After the Split

On Jan. 4, 2011, Motorola Inc. ceased to exist.

Capping a years-long restructuring process, the company separated into two entities: Motorola Mobility,
which combined the cable set-top and video infrastructure business with the resurgent mobile devices group,
and Motorola Solutions, which merged the enterprise and government communications business units.

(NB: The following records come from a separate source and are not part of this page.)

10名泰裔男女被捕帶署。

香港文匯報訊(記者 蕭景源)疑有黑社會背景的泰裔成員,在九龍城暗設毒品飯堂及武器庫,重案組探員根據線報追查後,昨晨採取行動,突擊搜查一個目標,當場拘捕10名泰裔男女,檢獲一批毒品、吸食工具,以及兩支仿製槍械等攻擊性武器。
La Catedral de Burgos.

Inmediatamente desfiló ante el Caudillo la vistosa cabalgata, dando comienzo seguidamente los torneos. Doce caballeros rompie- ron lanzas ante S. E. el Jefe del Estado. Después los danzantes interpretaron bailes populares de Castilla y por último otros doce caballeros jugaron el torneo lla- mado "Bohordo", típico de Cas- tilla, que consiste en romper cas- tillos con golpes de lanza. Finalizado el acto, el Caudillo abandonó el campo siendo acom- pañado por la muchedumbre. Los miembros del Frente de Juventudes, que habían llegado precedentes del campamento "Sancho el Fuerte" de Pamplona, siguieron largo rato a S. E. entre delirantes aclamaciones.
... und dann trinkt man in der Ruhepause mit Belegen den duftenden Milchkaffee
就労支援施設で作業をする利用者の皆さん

Dan Moloney, who joined Motorola in 2000 with the takeover of General Instrument, left in early 2010 but
was lured back last fall by Motorola Mobility CEO Sanjay Jha to be president, overseeing its Home set-top and video segment.
Moloney spoke recently with Multichannel News technology editor Todd Spangler.

MCN: What does the split
mean for the Home group
specifically?

Dan Moloney: This has
been a long time in the planning.
We had a lot of time to
prepare for it. Our real objective
was to enable the new
company to come out and
be very focused around the
industry, which, for lack of
a better term, is converging
around experiences for the
consumer. … And it allows
us to make key decisions
around acquisitions that
were just plain more difficult
in a conglomerate.

MCN: What kinds of acquisitions
are you looking at?

DM: If you look at the last 12
months, we’ve made several
smaller acquisitions. That’s
really where the focus has
been: bringing in smaller, application-
type companies. In
the last quarter we acquired
Zecter, which is all about content and storage in the cloud
and the home. We acquired 4Home, which is about home
monitoring and home control, management off any screen .

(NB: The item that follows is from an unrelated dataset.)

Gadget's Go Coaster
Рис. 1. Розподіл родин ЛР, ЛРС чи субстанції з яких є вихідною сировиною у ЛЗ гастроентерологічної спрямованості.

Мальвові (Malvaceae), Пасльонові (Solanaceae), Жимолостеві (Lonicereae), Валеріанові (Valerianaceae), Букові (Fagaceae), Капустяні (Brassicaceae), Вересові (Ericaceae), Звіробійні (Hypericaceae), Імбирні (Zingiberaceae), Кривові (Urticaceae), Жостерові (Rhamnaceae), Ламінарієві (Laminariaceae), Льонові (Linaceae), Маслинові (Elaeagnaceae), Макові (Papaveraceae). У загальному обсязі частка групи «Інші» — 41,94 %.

MCN: Sales for Motorola’s Home group declined 7% in
2010. What accounted for the drop?

DM: If you look at the macroeconomic conditions, there’s really
been an overhang in Home for the last 12 to 18 months.
Certainly in the U.S., which is the largest market for us for
Home products — it comprises 75% of our total Home business
— the issue of the reduction in occupied housing drove
the operators to have additional supply of set-tops and other
products because they just didn’t have as many homes they
were serving at the time.

I will say, this is also a business that in some of its traditional
product areas is approaching maturity and saturation.
I haven’t run the data lately, but [cable operators have] 70%
to 80% digital [video] penetration. That puts a little different
spin on the growth. But there’s another growth cycle coming.

MCN: What are the growth areas?

DM: We see four areas. First, the transition to [Internet protocol]
in the home is going to result in the evolution of the
traditional set-top into IP gateways. It’s a transition that
creates an opportunity. Second is the network itself — the
headend part of it that is going to go through this transition
as well, as ultimately we get to an architecture that delivers
IP based video.

I think the third opportunity is really outside the U.S. The
fourth area is really around application service-enablement
from the cloud. It’s new to the industry and new to us. Our
Medios [multiscreen service-management software suite]
and edge products, and other cloud services into the equation
that we haven’t talked about yet, will create a new business
model for us.

MCN: A lot of the focus for TV operators is delivering video
to tablets, mobile phones, PCs and Internet-connected
TVs. Doesn’t that translate into fewer set-tops and DVRs
shipping out the door?


DM: Yes — look, if you fast-forward a number of years, and
we can speculate how far out, the model becomes more IP
content delivery. The value of a gateway in the home continues
to be very important. I think it’s an intelligent gateway,
and there’s a host of clients that hang off that gateway.

The traditional model of set-tops is going to change and
evolve, there’s no doubt about it. Today our business is
about 75% home devices and about 25% predominantly
infrastructure. I think as time goes on, that mix is going
to change between those two.

MCN: Charter and Suddenlink have recently struck deals
to offer TiVo DVRs, saying traditional cable technology
suppliers are not delivering any innovation to the market.
What’s your response to that? [Editor’s note: After this
interview, Motorola Moblity on Feb. 26 filed a patentinfringement
suit against TiVo.]


DM: I will tell you we have strong relationships with the operators
you mentioned. We understand what they did with
TiVo. But in either case, I don’t believe it’s their longer-term
strategy. We believe some of the things we’re working on
with them for the long term position us well.